## Work order
Only one stretch of the records below should be repeated. It starts with the line containing "大人用紙おむつ 白十字 P.Uサルバ安心Wフィット" and goes on through the line containing "O protesto dos", exactly as written.

## Study material
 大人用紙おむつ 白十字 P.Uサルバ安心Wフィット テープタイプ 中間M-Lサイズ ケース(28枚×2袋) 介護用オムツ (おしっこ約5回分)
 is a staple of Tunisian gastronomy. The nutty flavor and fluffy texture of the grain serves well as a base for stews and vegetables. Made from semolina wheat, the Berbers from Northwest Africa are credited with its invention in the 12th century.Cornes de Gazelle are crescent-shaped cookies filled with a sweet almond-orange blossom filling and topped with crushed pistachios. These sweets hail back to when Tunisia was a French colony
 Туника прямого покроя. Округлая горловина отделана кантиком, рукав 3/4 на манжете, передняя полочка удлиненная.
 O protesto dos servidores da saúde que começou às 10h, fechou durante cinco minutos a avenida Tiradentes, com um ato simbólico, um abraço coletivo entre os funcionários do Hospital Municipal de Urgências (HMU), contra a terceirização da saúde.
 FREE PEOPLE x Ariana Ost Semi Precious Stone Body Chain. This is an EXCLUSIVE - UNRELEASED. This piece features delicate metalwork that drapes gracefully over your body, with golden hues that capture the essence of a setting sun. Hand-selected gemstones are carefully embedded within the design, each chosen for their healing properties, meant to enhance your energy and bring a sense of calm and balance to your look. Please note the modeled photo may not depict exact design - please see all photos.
...
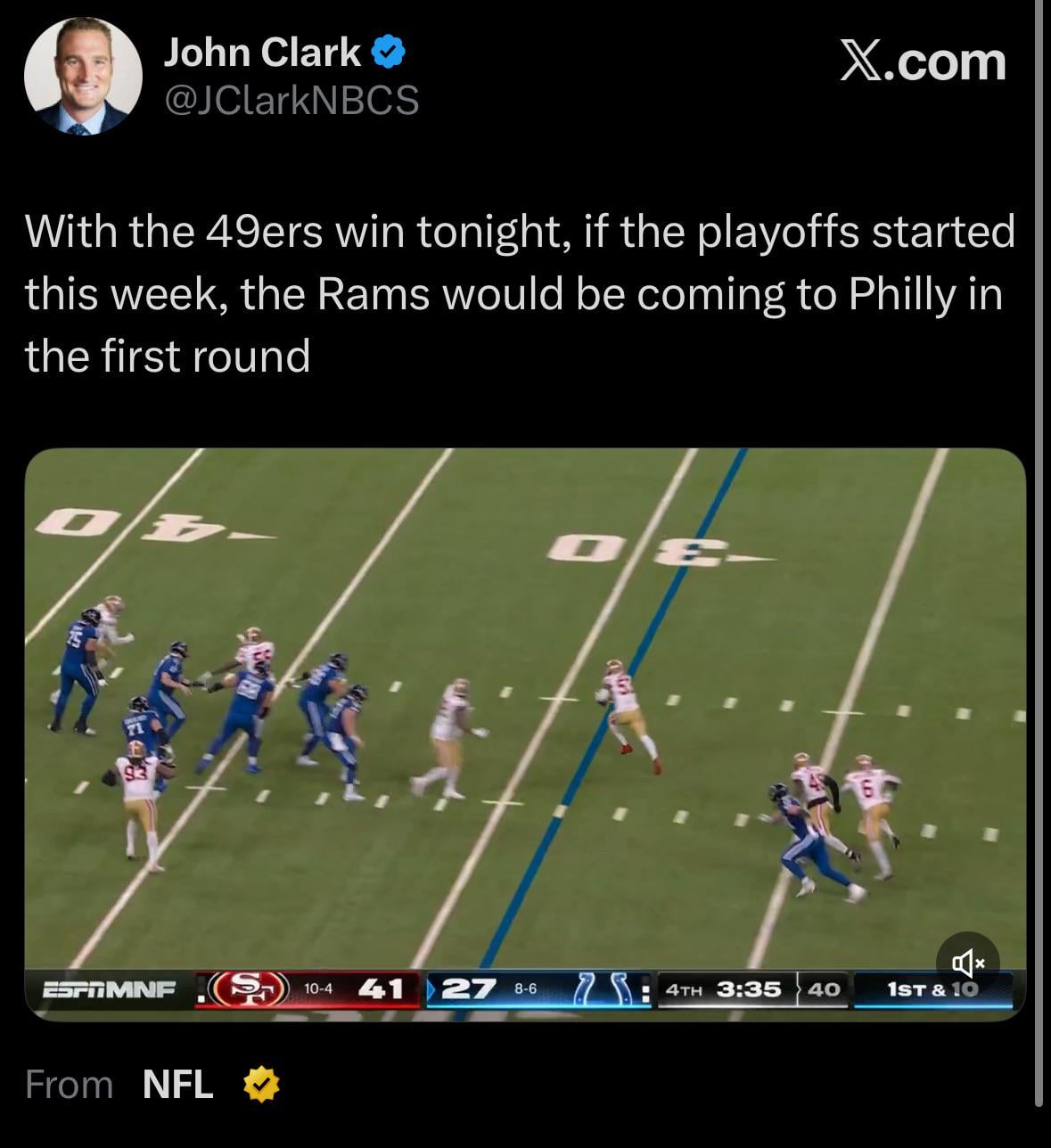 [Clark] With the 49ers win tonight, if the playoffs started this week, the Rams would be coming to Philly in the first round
==
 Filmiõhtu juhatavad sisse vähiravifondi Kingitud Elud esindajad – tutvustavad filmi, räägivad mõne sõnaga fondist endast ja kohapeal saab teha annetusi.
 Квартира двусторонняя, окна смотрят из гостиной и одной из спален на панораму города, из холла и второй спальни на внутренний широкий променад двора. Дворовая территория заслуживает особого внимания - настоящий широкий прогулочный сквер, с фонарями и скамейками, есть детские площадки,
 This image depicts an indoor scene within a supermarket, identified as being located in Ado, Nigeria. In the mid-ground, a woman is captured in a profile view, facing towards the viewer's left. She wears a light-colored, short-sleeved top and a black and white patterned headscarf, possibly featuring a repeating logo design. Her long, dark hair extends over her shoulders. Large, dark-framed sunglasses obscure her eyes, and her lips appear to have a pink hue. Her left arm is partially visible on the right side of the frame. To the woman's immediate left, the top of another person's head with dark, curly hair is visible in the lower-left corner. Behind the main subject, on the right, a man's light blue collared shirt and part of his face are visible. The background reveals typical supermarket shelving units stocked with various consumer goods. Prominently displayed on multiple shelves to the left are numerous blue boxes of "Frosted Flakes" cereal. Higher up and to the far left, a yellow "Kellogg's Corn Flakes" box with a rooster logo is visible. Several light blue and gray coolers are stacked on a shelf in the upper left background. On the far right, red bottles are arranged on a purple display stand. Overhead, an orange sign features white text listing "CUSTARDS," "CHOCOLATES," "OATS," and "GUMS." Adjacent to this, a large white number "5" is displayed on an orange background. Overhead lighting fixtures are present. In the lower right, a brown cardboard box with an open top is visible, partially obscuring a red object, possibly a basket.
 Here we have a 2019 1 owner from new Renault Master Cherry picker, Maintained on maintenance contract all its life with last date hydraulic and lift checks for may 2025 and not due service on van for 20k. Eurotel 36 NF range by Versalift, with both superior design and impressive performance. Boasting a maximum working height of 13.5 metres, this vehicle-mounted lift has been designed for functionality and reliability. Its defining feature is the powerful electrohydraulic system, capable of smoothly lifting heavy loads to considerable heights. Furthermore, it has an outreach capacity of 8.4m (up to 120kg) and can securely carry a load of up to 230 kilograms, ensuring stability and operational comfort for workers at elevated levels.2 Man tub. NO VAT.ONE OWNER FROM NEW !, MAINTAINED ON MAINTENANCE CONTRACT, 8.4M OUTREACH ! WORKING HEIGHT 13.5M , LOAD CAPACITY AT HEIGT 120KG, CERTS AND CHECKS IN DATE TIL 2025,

## Solution for this problem
 大人用紙おむつ 白十字 P.Uサルバ安心Wフィット テープタイプ 中間M-Lサイズ ケース(28枚×2袋) 介護用オムツ (おしっこ約5回分)
 is a staple of Tunisian gastronomy. The nutty flavor and fluffy texture of the grain serves well as a base for stews and vegetables. Made from semolina wheat, the Berbers from Northwest Africa are credited with its invention in the 12th century.Cornes de Gazelle are crescent-shaped cookies filled with a sweet almond-orange blossom filling and topped with crushed pistachios. These sweets hail back to when Tunisia was a French colony
 Туника прямого покроя. Округлая горловина отделана кантиком, рукав 3/4 на манжете, передняя полочка удлиненная.
 O protesto dos servidores da saúde que começou às 10h, fechou durante cinco minutos a avenida Tiradentes, com um ato simbólico, um abraço coletivo entre os funcionários do Hospital Municipal de Urgências (HMU), contra a terceirização da saúde.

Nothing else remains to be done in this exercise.